Осмотр – обследование, сделанное в ходе проверки и основанное зрительном восприятии аудитора.

Известно, что благодаря зрению, человек получает до 85% поступающей к нему информации.

В ходе осмотра аудитор ищет главным образом материальные доказательства соответствия. Это особенно важно при проверке, проводимой в производственных помещениях, в лабораториях, на складах хранения про­дукции и т.п.

Объекты осмотра:

Документация – процедуры и записи (наличие, состояние, доступность);

Производственная среда – состояние рабочих мест (соответст­вие технологии, обеспечение безопасности);

Инфраструктура – оборудование, оснастка, инструмент, энерго­обеспечение, транспорт, связь (наличие, состояние, соответствие технологии);

Средства измерения, контроля и испытаний (наличие, состояние, соответствие технологии, метрологическим правилам и нормам);

Персонал (наличие, квалификация, поведение);

Продукция (порядок обращения, соответствие технологии).

При осмотре аудитор должен быть внимателен к деталям.

Опрос

Опрос - метод получения первичной информации об объеме ауди­торской проверки в виде ответов на вопросы. В приложении Ж приведены рекомендации по организации и технике беседы.

Опрос может проводиться в форме анкетирования (посредством оп­росного листа) или в форме непосредственной беседы (интервью). В приложении Ж приведены рекомендации по организации и технике беседы.

Методы проверки информации и формирования наблюдений аудита

Результатом сбора информации являются свидетельства аудита.

Свидетельство аудита записи, изложение фактов или другая ин­формация, которые связаны с критериями аудита и могут быть провере­ны .

Свидетельства аудита могут быть качественными или количествен­ными.

С помощью методов проверки информации на базе собранных сви­детельств аудита формируются наблюдения аудита.

Наблюдения аудита - результаты оценки собранных свидетельств аудита в зависимости от критериев аудита.

Наблюдения аудита могут указывать на соответствие или несоот­ветствие критериям аудита или на возможности улучшения.

Наблюдения, в свою очередь, являются основой заключения по ре­зультатам аудита.

Выходные данные аудита, предоставленные группой по аудиту после рассмотрения целей аудита и всех наблюдений аудита.

К методам проверки информации и формирования наблюдений ау­дита относятся:

Доказательство

Оценивание.

Анализ

Анализ свидетельств аудита

Свидетельства аудита и любая другая информация, собранная в ходе аудита, анализируется с точки зрения целей аудиторской проверки.

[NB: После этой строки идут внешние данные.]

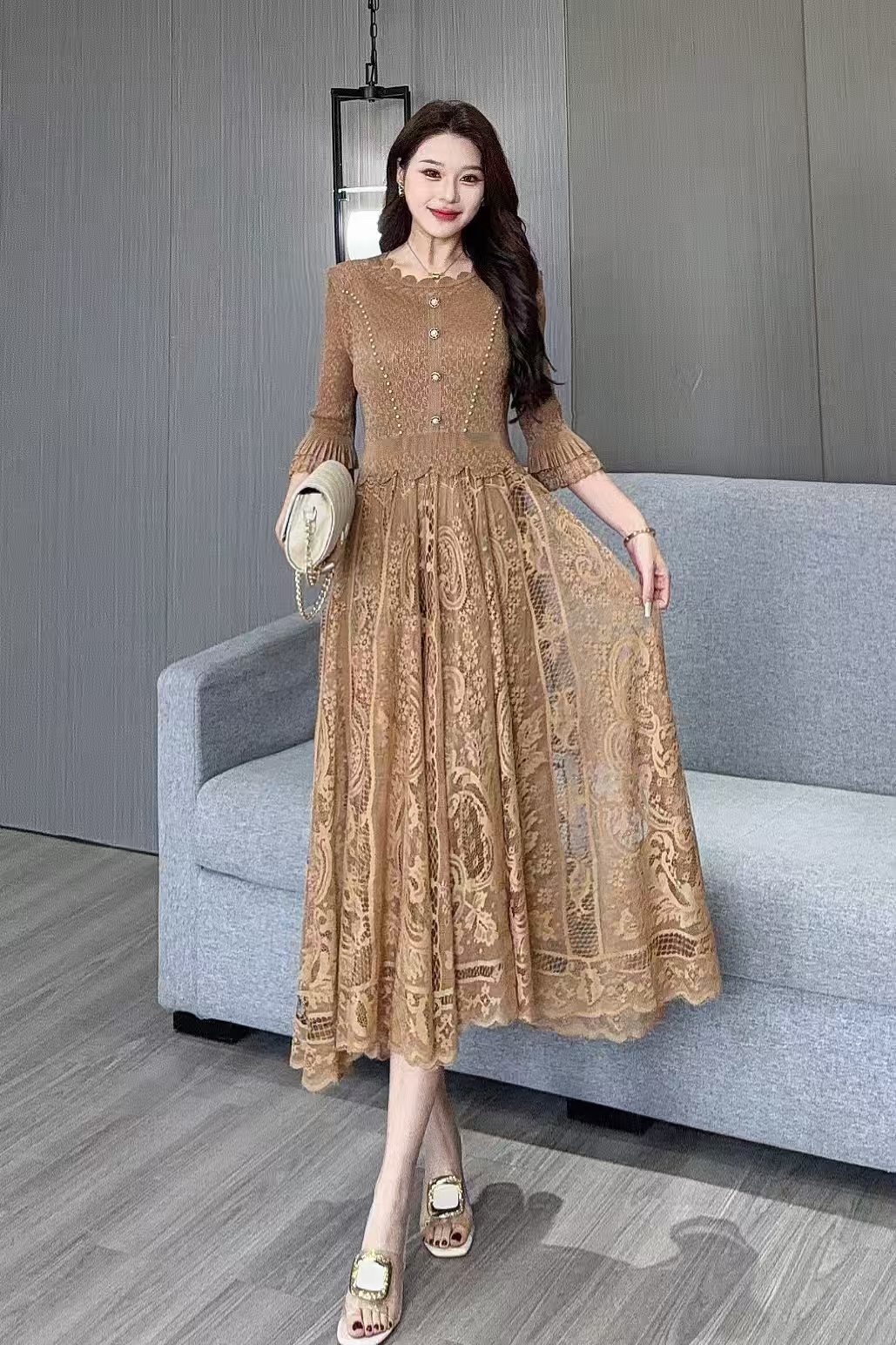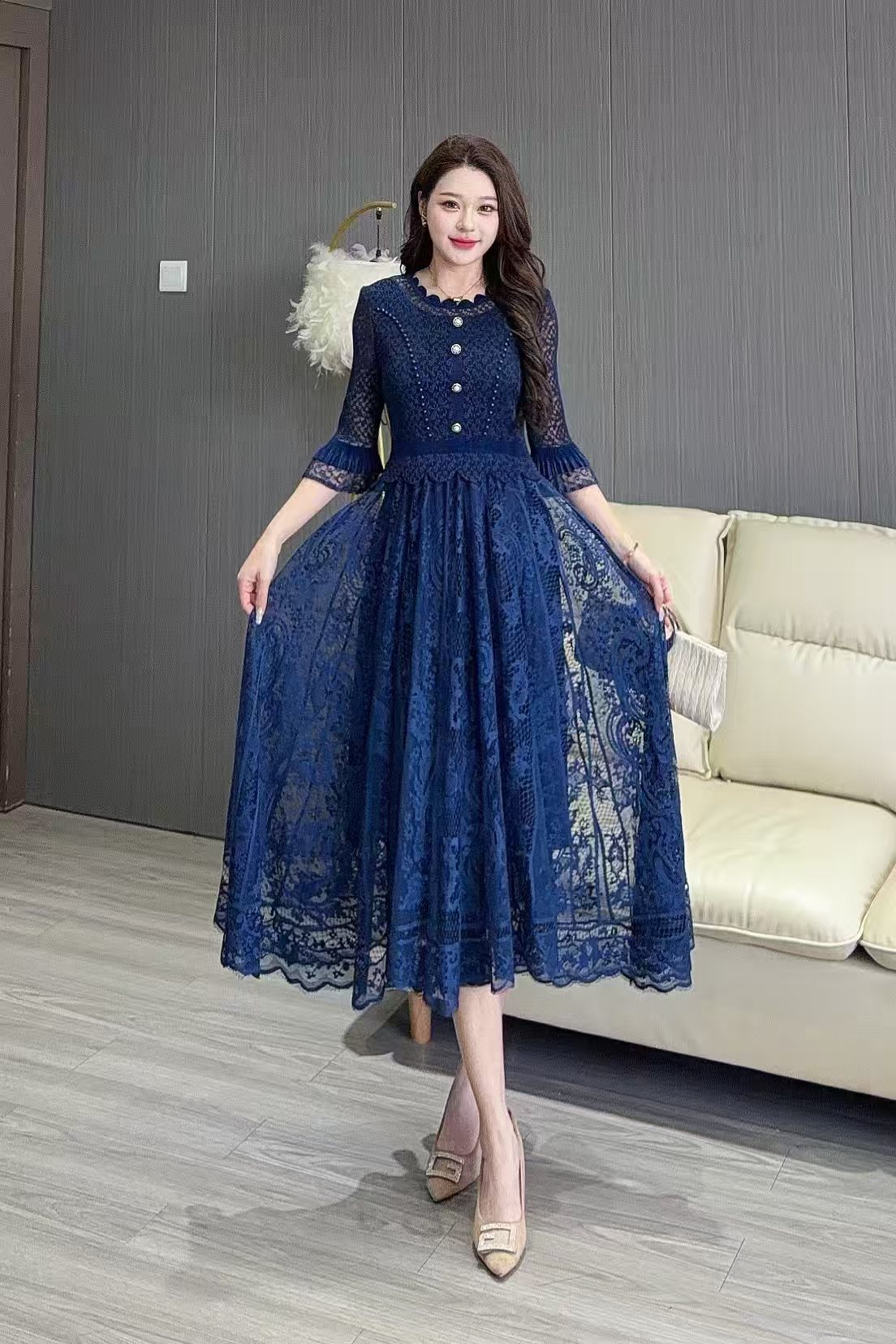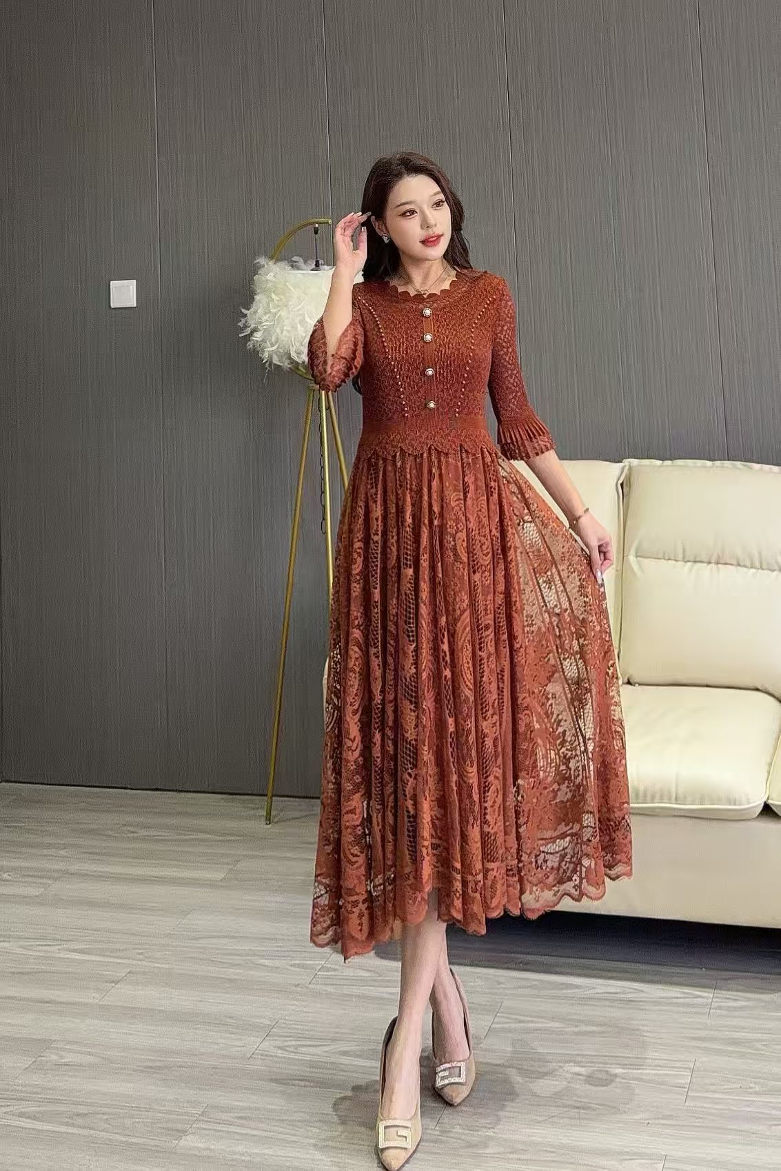 MY15694# 欧洲站新款时尚褶皱圆领拼接修身显瘦连衣裙中长款百褶裙女裝貨源服裝批發
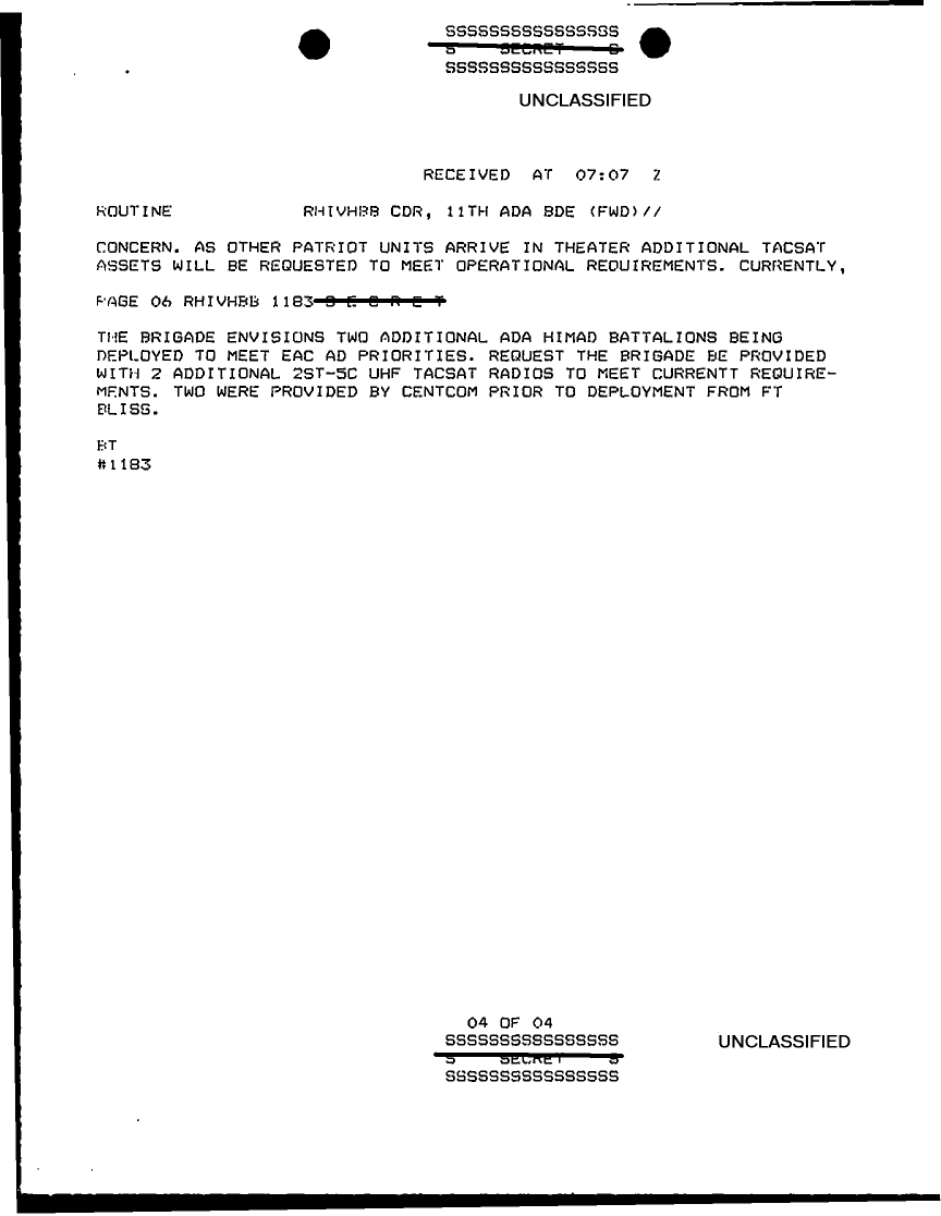 Document 11 f:/Week-29/BX000429/TACTICAL OPERATIONS CENTER LOGS - MSG FILE LOGS 23 NOV 90/11th ada bde situation report 87:08169613342730
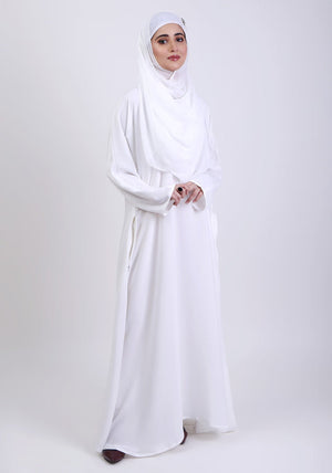 Hijabi.Pk WHITE CLASSIC FRONT-CLOSED ABAYA Hijabi
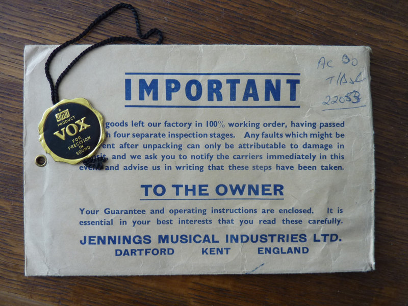 Hang tag and warranty card envelope from AC30 serial number 22053 - "T/B & C" = Top Boost and Cover.
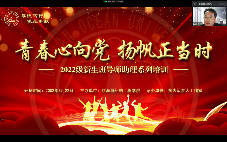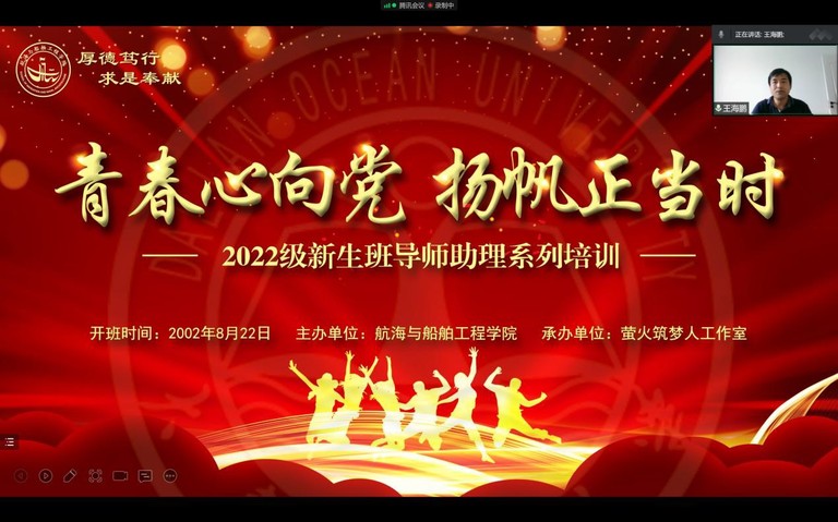 8月22日,爱爱视频 于腾讯会议线上开展2022级新生班导师助理培训开班仪式暨第一、二期培训。院党总支书记赵忠伟、副书记王海鹏、全体辅导员及2022级新生班导师助理参会。
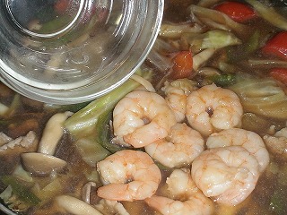 ※火を消してから水溶き片栗粉を全体に回し入れ、再び火をつけて大きく混ぜることでダマになりにくい
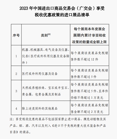 2023年中国进出口商品交易会(广交会)享受税收优惠政策的进口展品清单。图片来源:财政部官网

Для использования данных свидетельств для формирования наблюдений ауди­та, они должны быть систематизированы, обобщены и тщательно проана­лизированы, включая при необходимости статистические методы.

В ходе аналитического анализа важно отделить существенную ин­формацию от несущественной («выделить сигнал из шума»).

Для тех свидетельств, которые вызывают сомнения аудитора (на­пример, правильность интерпретации полученной информации), необхо­димо применить метод доказательства, обсудить в аудиторской группе, и только после такого обсуждения может быть принято окончательное ре­шение о формировании наблюдения аудита, к примеру, использование статистических методов.

Статистические методы

В тех случаях, когда получаемые аудитором данные имеют ко­личественную форму (например, данные результатов технического кон­троля, данные о количестве обнаруженных несоответствий, данные о при­чинах несоответствий и др.) их целесообразно представлять и ана­лизировать с помощью статистических методов.

Статистические приёмы используются во многих областях обслуживания и производства. Многие из этих приемов пригодны и для аудита. Наиболее часто встречающие инструменты, используемые на стадиях подготовки и проведения аудита:

· контрольные листы;

· анализ воспроизводимости оборудования;

· анализ воспроизводимости процесса;

· анализ Парето;

· планы выборочного контроля и проверки;

· кривые операционных характеристик;

· блок-схемы процессов/прослеживание;

· мозговой штурм;

· диаграммы причин и результатов;

· контрольные карты.

Эти средства могут пригодиться и аудиторам, и проверяемым. Эти приёмы – способ демонстрации продукции или услуги, которые нуждаются в улучшении. Примерами могут служить:

· несоответствие продукции (поступающие отчёты о проверке, отказы в эксплуатации и т.д.);

· низкая воспроизводимость процесса (параметры продукции находятся внутри поля допуска, но не центрированы);

· анализ стоимости продукции, обслуживания и проектирования;

· анализ эксплуатации (оценивание качества в ходе производства как альтернатива выходному контролю; число контейнеров с правильной маркировкой и неправильно обработанных заказов потребителей и т.д.).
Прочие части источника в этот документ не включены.